Departing Fed Governor Tarullo says a 10% Leverage Ratio would incentivize banks to change the composition of their balance sheets dramatically

Departing Thoughts

Governor Daniel K. Tarullo

At The Woodrow Wilson School, Princeton University, Princeton, New Jersey

There has been much discussion of late of the leverage ratio requirement, from multiple perspectives. There are proposals to make a higher leverage ratio requirement either mandatory or optional for banks, which would then be relieved of risk-weighted capital requirements and many other prudential regulations. There are also those who have questioned the relative cost-benefit tradeoff of the “enhanced supplementary leverage ratio,” the 2 percent surcharge applicable to all eight U.S. G-SIBs.

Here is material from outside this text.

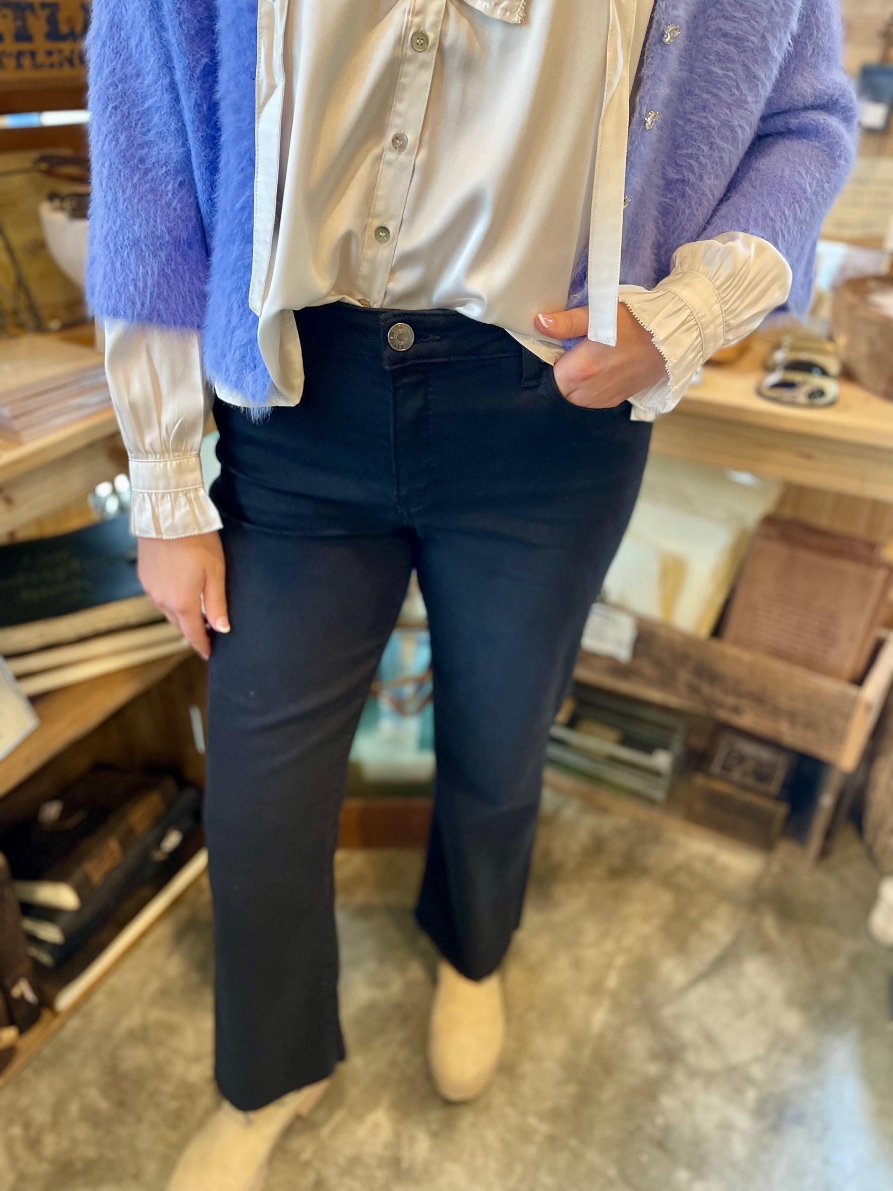 These timeless wide-leg jeans offer a relaxed and casual fit that gently contours to all body types. Perfect for effortless style, they seamlessly transition from day to night. The wide hem and statement pockets allow for these jeans to be casual for date night, or dressed up with business casual.
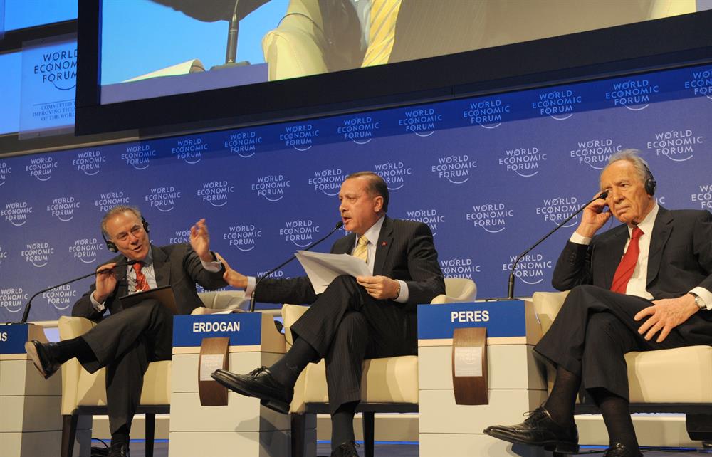 - Aralık'ta başlayan saldırıların ardından sadece birkaç hafta geçmişken, Şubat 2009'da İsviçre'de düzenlenen Dünya Ekonomik Forumu'nda, dönemin Başbakanı Recep Tayyip Erdoğan, İsrail Cumhurbaşkanı Şimon Peres'e dünyada yankı uyandıran bir çıkış yaptı. Erdoğan, Davos'ta Dünya Ekonomik Forumu kapsamında gerçekleştirilen “Gazze Orta Doğu'da Barış Modeli" oturumunda, İsrail Cumhurbaşkanı Şimon Peres'in eleştirilerini yanıtlarken panel yöneticisinin sürenin bittiğini gerekçe göstererek konuşmasını kesmesi üzerine bundan sonra Davos toplantılarına katılmayacağını açıklayarak salondan ayrılmıştı. Erdoğan, "Beni 12 dakika konuşturuyorsunuz, Peres 25 dakika konuştu. Benim için Davos bitmiştir" dedi. Erdoğan, Peres'e, "Sayın Peres, benden yaşlısın. Sesin çok yüksek çıkıyor. Biliyorum ki sesinin çok yüksek çıkması, bir suçluluk psikolojisinin gereğidir. Benim sesim bu kadar yüksek çıkmayacak. Bunu da böyle bilesin. Öldürmeye gelince siz öldürmeyi çok iyi bilirsiniz. Plajlardaki çocukları, nasıl öldürdüğünüzü çok iyi biliyoruz. Ülkenizde başbakanlık yapmış 2 kişinin bana çok önemli lafları vardır. "Tankların üstünde Filistin'e girdiğim zaman, 'kendimi bir başka mutlu addediyorum' diyen başbakanlarınız var. Tankların üzerine çıkıp da 'Filistin'e girince mutlu oluyorum' diyen başbakanlarınız var. peres'in konuşmasının salonda alkışlanmasıyla ilgili olarak da Erdoğan "Şu zulme alkış tutanları da ayrıca kınıyorum. Peki çocukları öldürenleri kalkıp da alkışlamak öyle zannediyorum ki insanlık suçudur" dedi. Başbakan Erdoğan'ın, “Sadece size, iki söz söyleyeceğim..." sözleri üzerine, oturum yöneticisi, araya girdi. Erdoğan, “sözümü kesmeyin" diyerek, “Tevrat'ın 6. maddesi der ki'öldürmeyeceksin. Burada öldürme var. Bu da çok enteresan" diyerek sözlerine devam etti.

Increasing the current 4 percent or 5 percent leverage ratio requirement to, say, 10 percent would certainly yield a very well-capitalized set of banks based on the current balance sheets of large banks. But one needs to look at the dynamic effects of such a requirement. Since a higher leverage ratio would also make banks less profitable, and with the constraints of risk-based capital and liquidity requirements lifted, they would be strongly incentivized to change the composition of their balance sheets dramatically, shedding safer and more liquid assets like Treasuries in exchange for riskier but higher-yielding assets. After all, with a leverage ratio as the only significant constraint, the regulatory cost of holding a short-term Treasury bill is identical to that of a junk bond. It is this very limitation of a leverage ratio that led to the creation of a complementary risk-based capital requirement in the 1980s. To truly assure the safety and soundness of the financial system, a leverage ratio serving as the sole or dominant form of prudential regulation would probably have to be set considerably higher, at a level where the impact on financial intermediation could be quite substantial.